EXERCISE DETAILS
When copying the listing below, skip every picture and repeat exactly the lines from the first one through the line that contains "Nach einer kurzen".

AVAILABLE DATA
::::::::

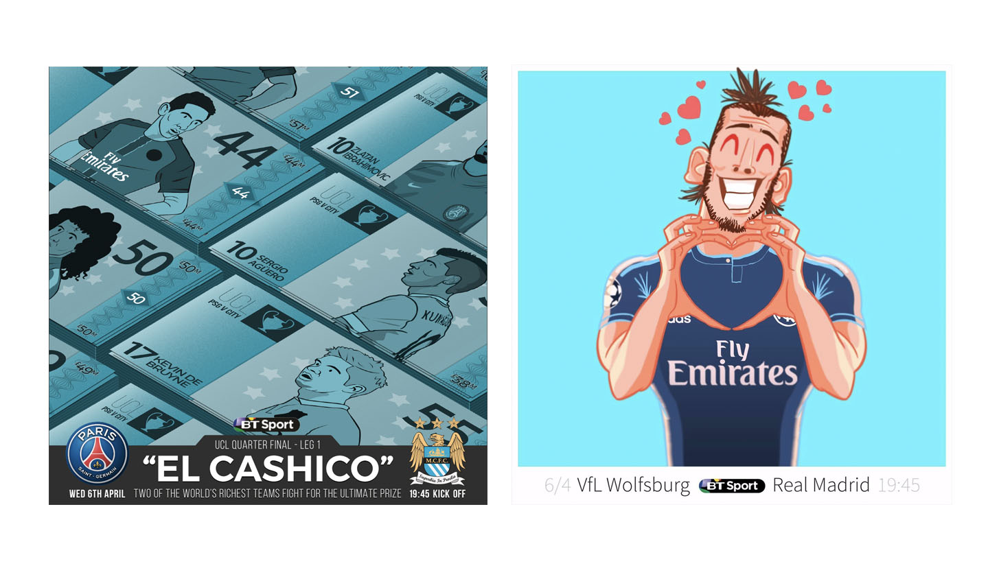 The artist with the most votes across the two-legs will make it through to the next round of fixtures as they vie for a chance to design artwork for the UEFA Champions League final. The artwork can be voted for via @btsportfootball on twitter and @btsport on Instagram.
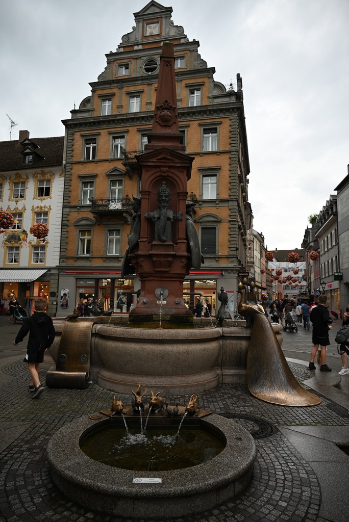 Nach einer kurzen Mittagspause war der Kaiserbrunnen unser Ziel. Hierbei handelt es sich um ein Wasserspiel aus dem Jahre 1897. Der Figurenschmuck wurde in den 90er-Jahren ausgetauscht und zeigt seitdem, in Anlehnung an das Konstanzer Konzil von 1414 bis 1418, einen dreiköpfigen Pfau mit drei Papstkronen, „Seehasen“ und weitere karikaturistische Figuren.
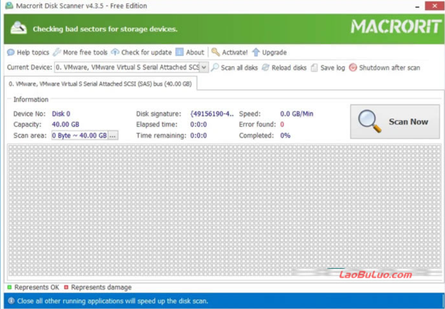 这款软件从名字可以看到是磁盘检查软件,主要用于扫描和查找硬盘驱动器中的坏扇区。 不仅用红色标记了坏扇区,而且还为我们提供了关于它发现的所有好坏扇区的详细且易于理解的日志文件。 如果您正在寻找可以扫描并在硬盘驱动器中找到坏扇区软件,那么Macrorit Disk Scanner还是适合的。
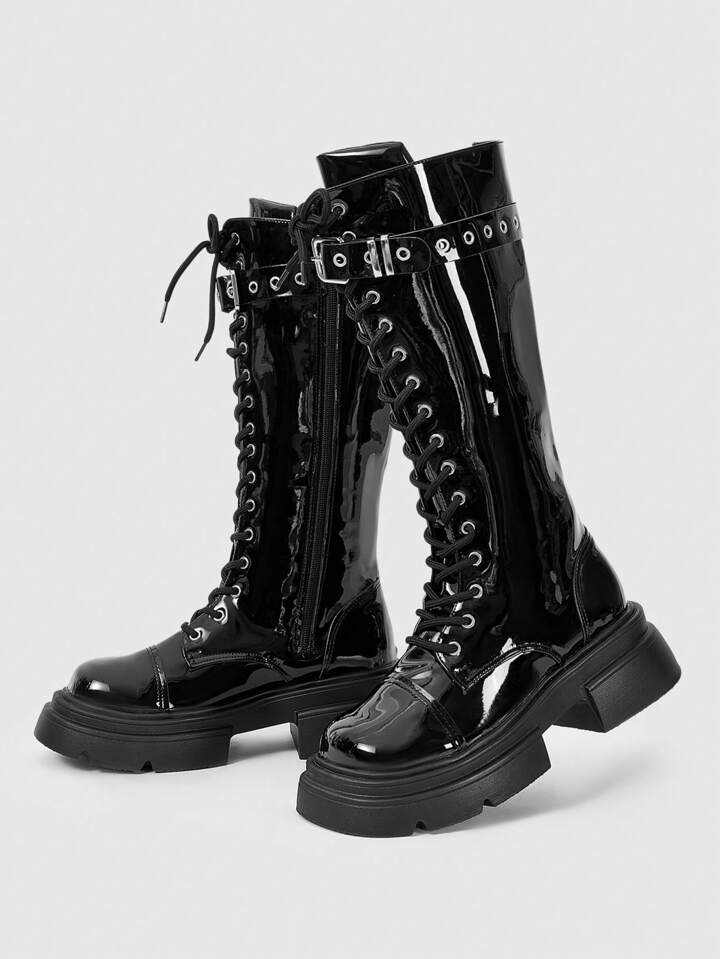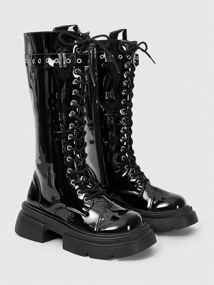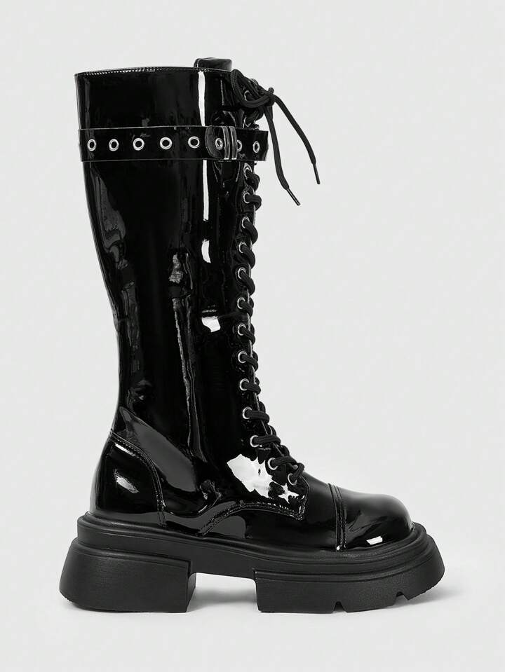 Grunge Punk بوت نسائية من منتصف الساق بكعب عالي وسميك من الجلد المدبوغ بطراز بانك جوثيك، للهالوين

::::::::

SOLUTION TO THE EXERCISE
 The artist with the most votes across the two-legs will make it through to the next round of fixtures as they vie for a chance to design artwork for the UEFA Champions League final. The artwork can be voted for via @btsportfootball on twitter and @btsport on Instagram.
 Nach einer kurzen Mittagspause war der Kaiserbrunnen unser Ziel. Hierbei handelt es sich um ein Wasserspiel aus dem Jahre 1897. Der Figurenschmuck wurde in den 90er-Jahren ausgetauscht und zeigt seitdem, in Anlehnung an das Konstanzer Konzil von 1414 bis 1418, einen dreiköpfigen Pfau mit drei Papstkronen, „Seehasen“ und weitere karikaturistische Figuren.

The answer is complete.